March, 2013 – Graham Miln

An Unwilling Encore

The week has been a swirl of emotion and activity. Once again I have found myself venturing into the French medical establishment. This time for something a touch more serious than a simple fall.

Those that know me personally will appreciate my attitude as I deal with what needs doing – a quiet focused determination that leaves little time for much else.

I will be fine; that is not my focus here.

A worn corridor in the Tonkin Clinic, Lyon
A worn corridor in the Tonkin Clinic, Lyon

Section R, Hopital Croix Rousse, Lyon
Section R, Hopital Croix Rousse, Lyon

There is something about visiting various medical buildings that lingers. They feel a touch unreal. Doors along corridors that open automatically – highlighting the expected direction of traffic. Staff in white wearing sensible shoes moving quietly around confused members of the public. The smokers standing just outside of the building catching a moment of peace and nicotine while they wait for the next burst of activity.

The French medical system has a positive reputation in the United Kingdom. We hear stories of better service, better facilities, and less cost cutting. Specifics are rarely mentioned, just France is somehow better.

The British forget that in France going to a doctor is likely to involve a payment. They forget that in France individuals are recommended to have top-up insurance; the state does not cover the full cost of treatment. They forget that the system expects more from you.

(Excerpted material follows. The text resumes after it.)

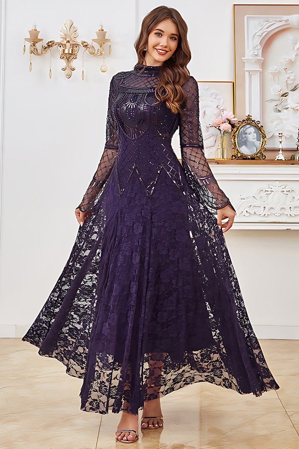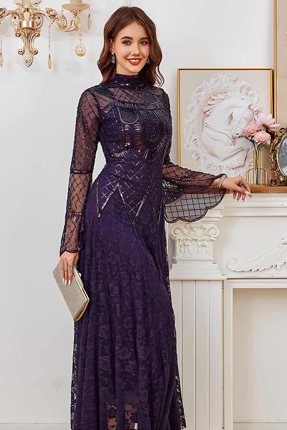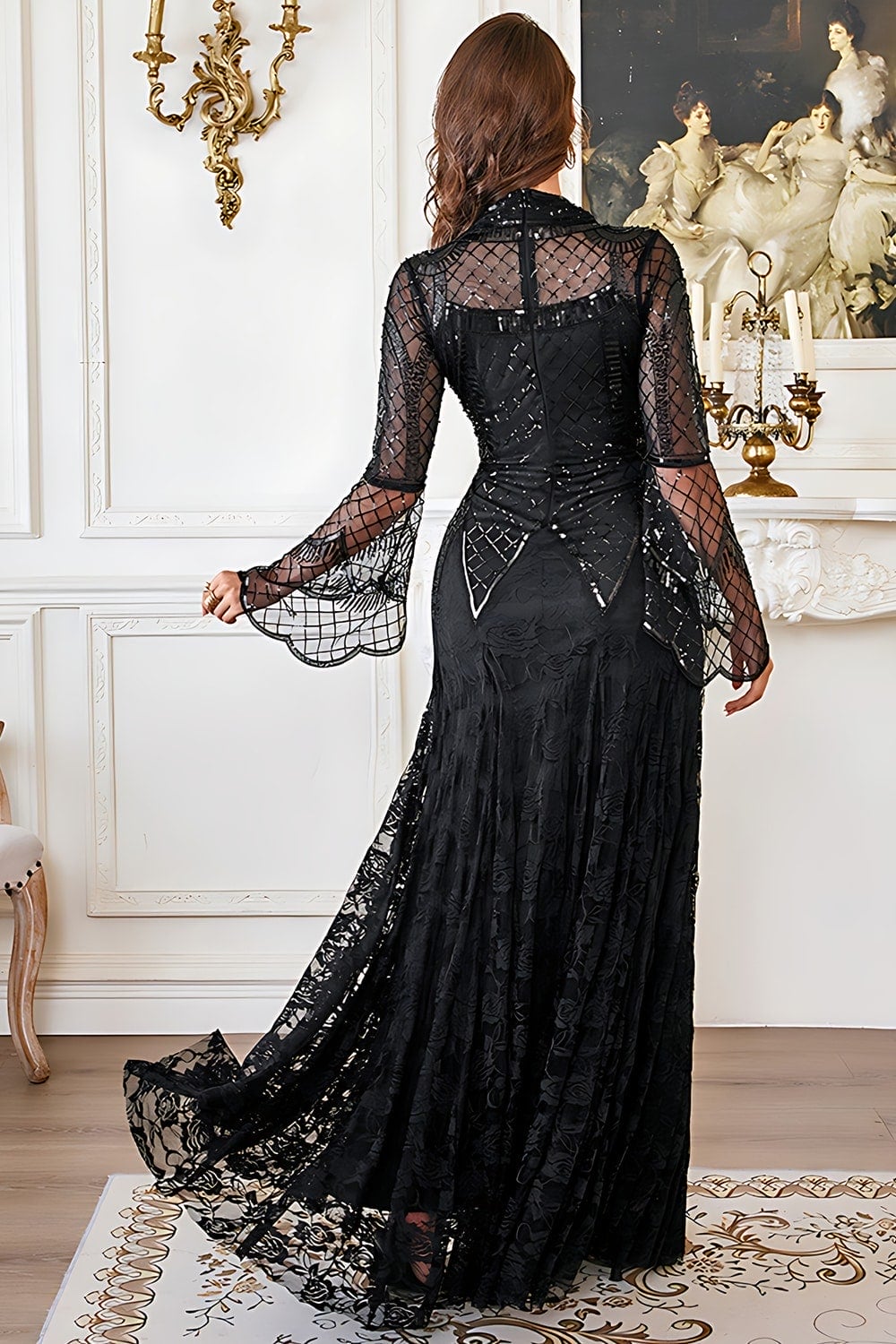 Lace Beaded Black Long Sleeve Mother of the Bride Dress

In the United Kingdom, healthcare is mostly out of your hands. You go to the doctor and the National Health Service (NHS), puts you on a treadmill of care. Appointments are made for you, you go where and when you are told. You learn to expect delays and waiting periods but never a fee, never a personal cost when you need treatment. All those costs have been dealt with through every salary cheque and every pay packet.

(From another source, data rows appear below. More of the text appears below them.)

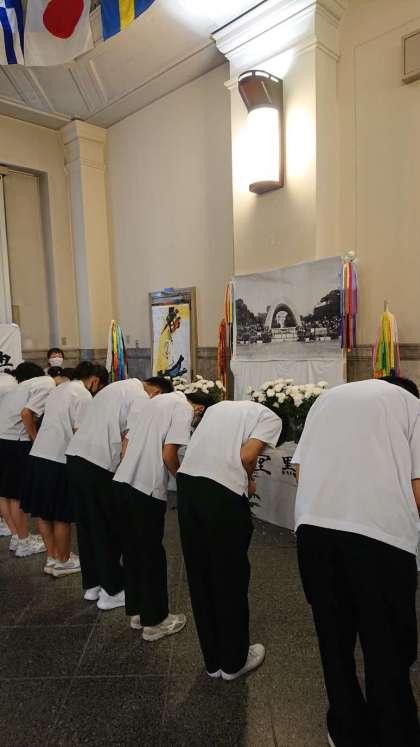 ウォークラリーの途中、旧日本銀行広島支店では、献花式に参加させていただきました!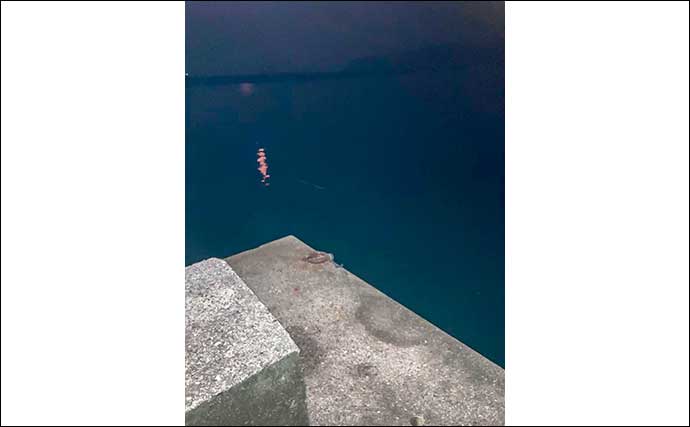 次は漁港奥の漁船が停留している常夜灯絡みのポイント。明かりに集まるアジを狙う。明かりが効いていることもあり、水面には小魚が泳いでいる様子が見える。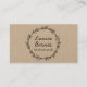 Rustic wreath business card printed on brown kraft paper. country chic design that frames your name in a decorative way.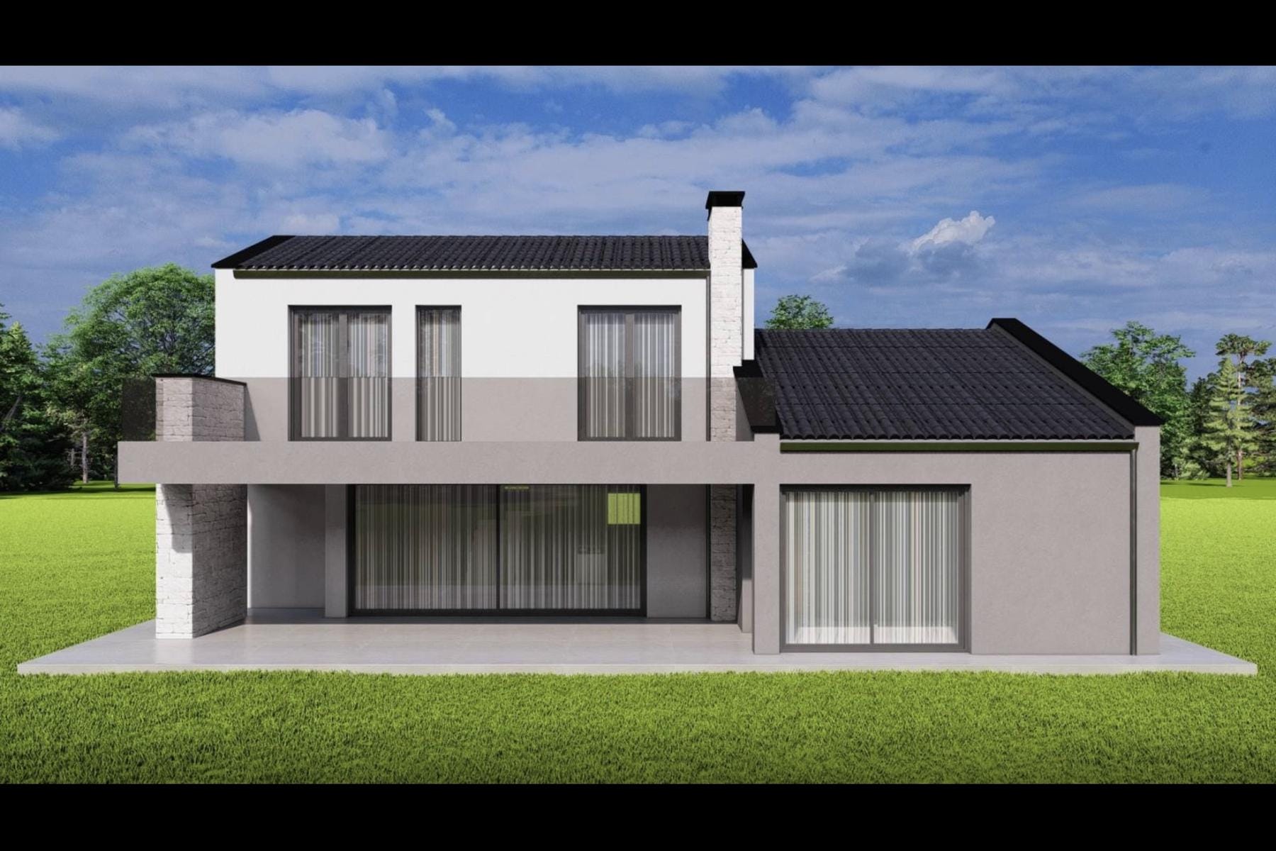 Parter zajmuje przestronny salon połączony z jadalnią i kuchnią, które tworzą optymalne miejsce do wspólnego spędzania czasu. Dodatkowo usytuowano dwie sypialnie oraz dwie łazienki o wysokim standardzie. Pomieszczenie techniczne umożliwia łatwą organizację przestrzeni gospodarczej. Na pierwszym piętrze zaplanowano dwie sypialnie oraz kolejną łazienkę, co sprawia, że dom jest wygodny również dla większej rodziny lub gości.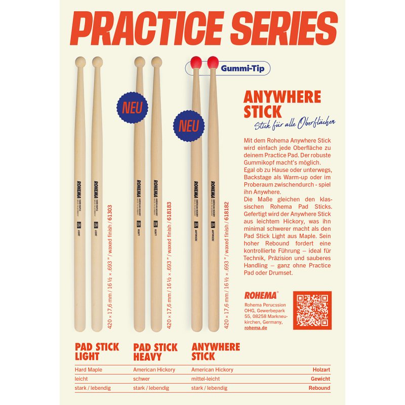 Der Rohema Pad Stick Heavy ist die kraftvollere Variante der Pad Stick Serie und ideal für intensives Techniktraining in Kombination mit einem Practice Pad. Er eignet sich perfekt für das Üben von Kontrolle, Präzision und Ausdauer – egal ob im Proberaum oder zu Hause.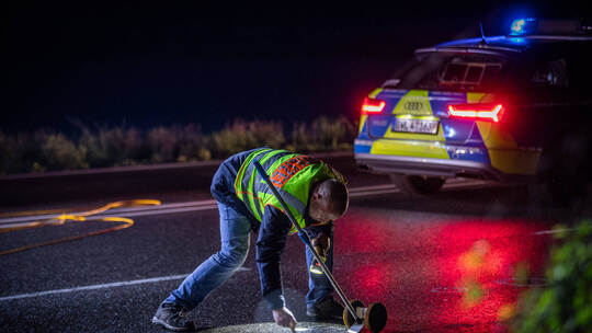 Um 2.10 Uhr hatte der Ford-Fahrer die vierköpfige Fußgängergruppe erfasst. Den bisherigen Ermittlungen der Polizei zufolge waren die Fußgänger vermutlich von einer nahegelegenen Tankstelle kommend am Fahrbahnrand der L1125 auf dem Weg nach Sachsenheim und wurden dabei von dem aus Richtung Bietigheim heranfahrenden Unbekannten von hinten erfasst. Der 21-Jährige wurde durch die Luft und gegen einen angrenzenden Metallzaun geschleudert und zog sich dabei tödliche Verletzungen zu.
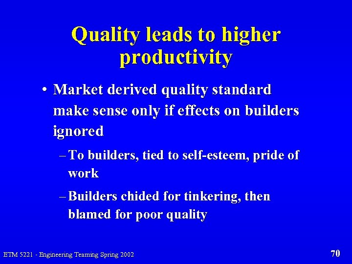 Quality leads to higher productivity • Market derived quality standard make sense only if effects on builders ignored – To builders, tied to self-esteem, pride of work – Builders chided for tinkering, then blamed for poor quality ETM 5221 - Engineering Teaming Spring 2002 70
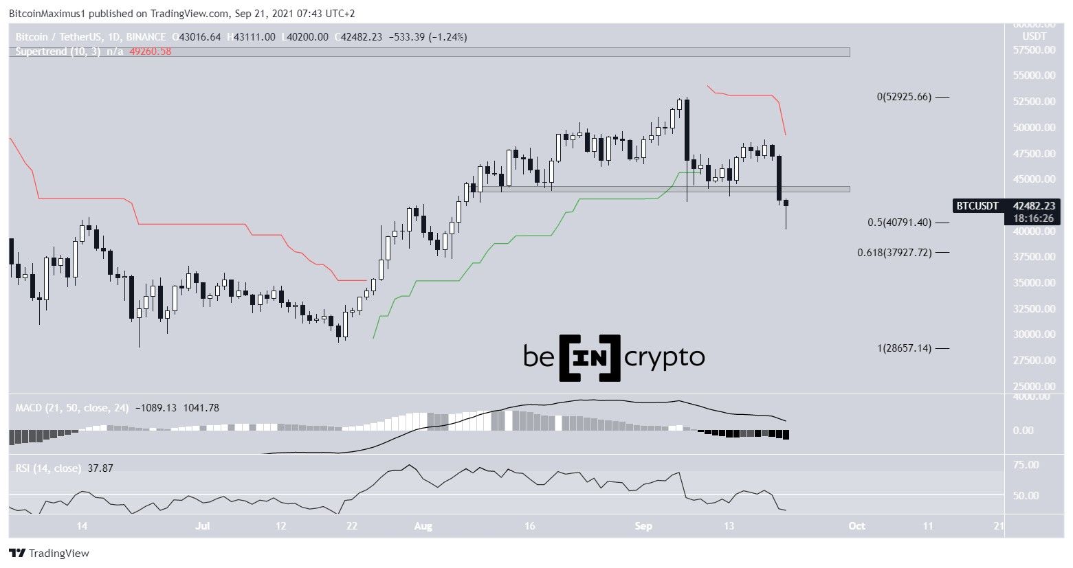 O Bitcoin (BTC) rompeu abaixo da área de suporte horizontal de US$ 44.000.

In France, we are discovering the expectation on the patient is greater. I am learning to appreciate why and the control it puts in my hands. I am not sure I need the control but it is a point of difference.

Here you are responsible for your medical file. You get copies of all your tests, you see the bulk of the paperwork carrying your name. With every appointment, test, scan, or interaction your file grows. The mountain of paperwork can feel overwhelming but a pattern establishes itself and life goes on.

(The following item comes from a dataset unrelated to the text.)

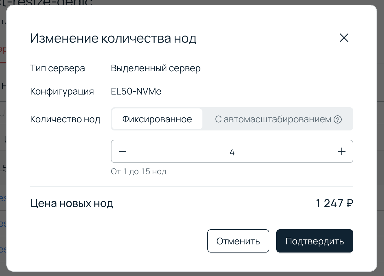 В панели управления теперь можно менять количество нод для выделенных серверов. При увеличении будет отображена стоимость новых нод, при уменьшении — возвращены средства за полные неиспользованные месяцы. Добавить новые ноды можно только при наличии средств на основном балансе. Опция полезна при росте нагрузки на кластер или масштабировании ресурсов.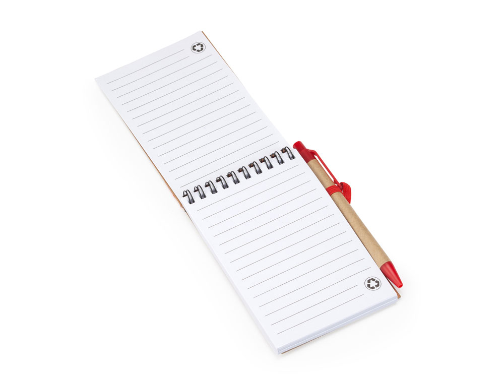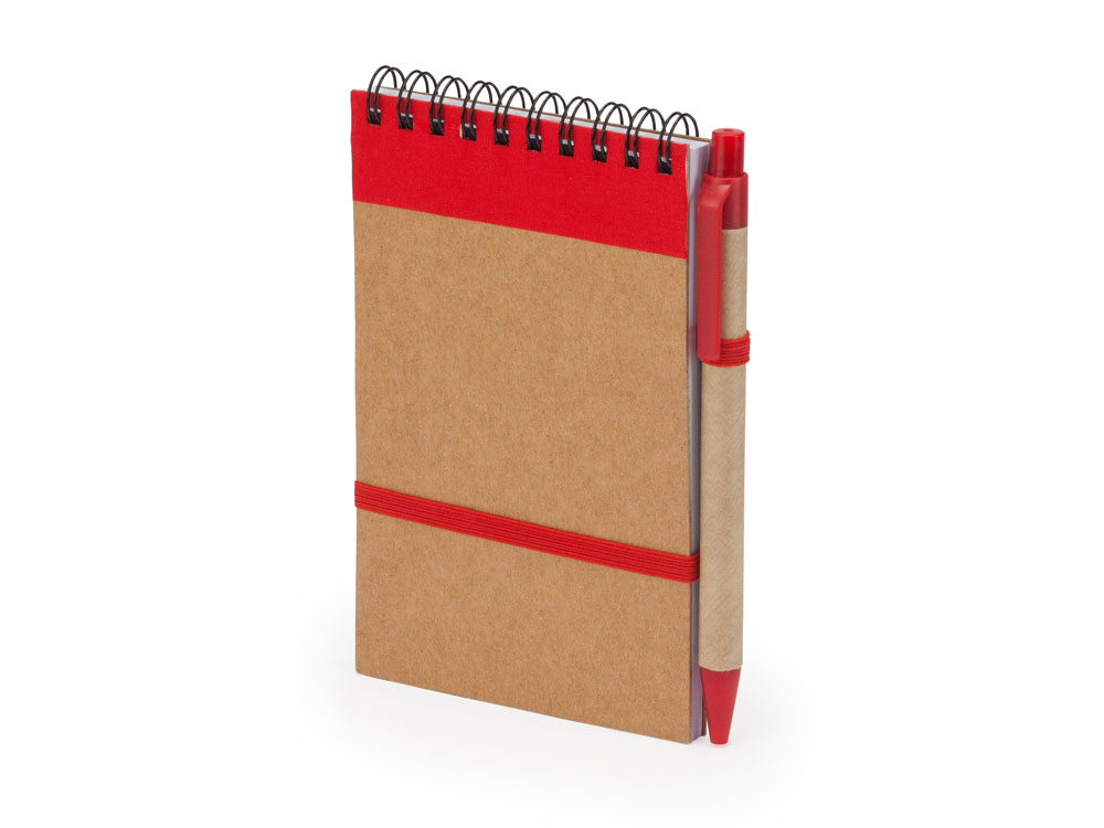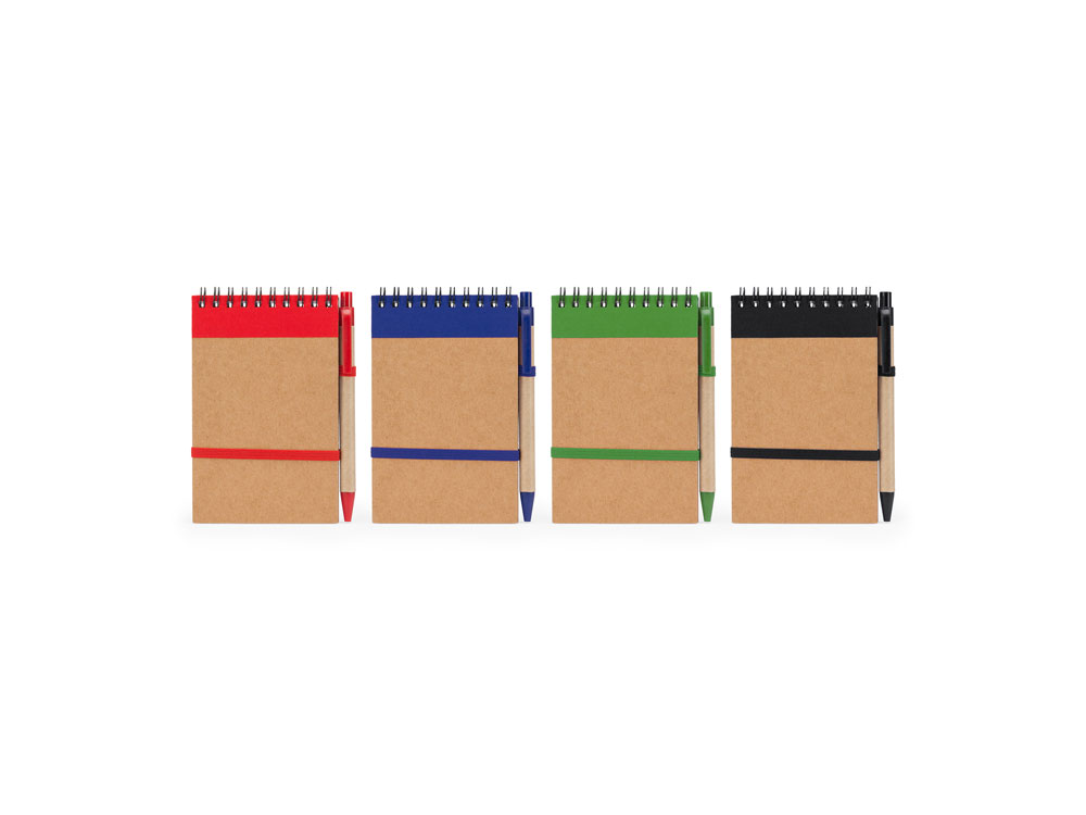Блокнот на спирали с жесткой обложкой из переработанного картона. Включает шариковую ручку с синими чернилами. 70 листов.

Much of the French medical system is changing. Swipe cards for medical services have appeared. Doctors are being jostled into a more active role for administering patients’ files. As with the NHS, the French system seems to be in near constant change and reform.

As an outsider venturing for the first time in the serious units of my local massive modern hospital, I am both scared and in awe of the treatment.

It took thirteen months to get my carte vitale. I did not expect it to be so essential so soon.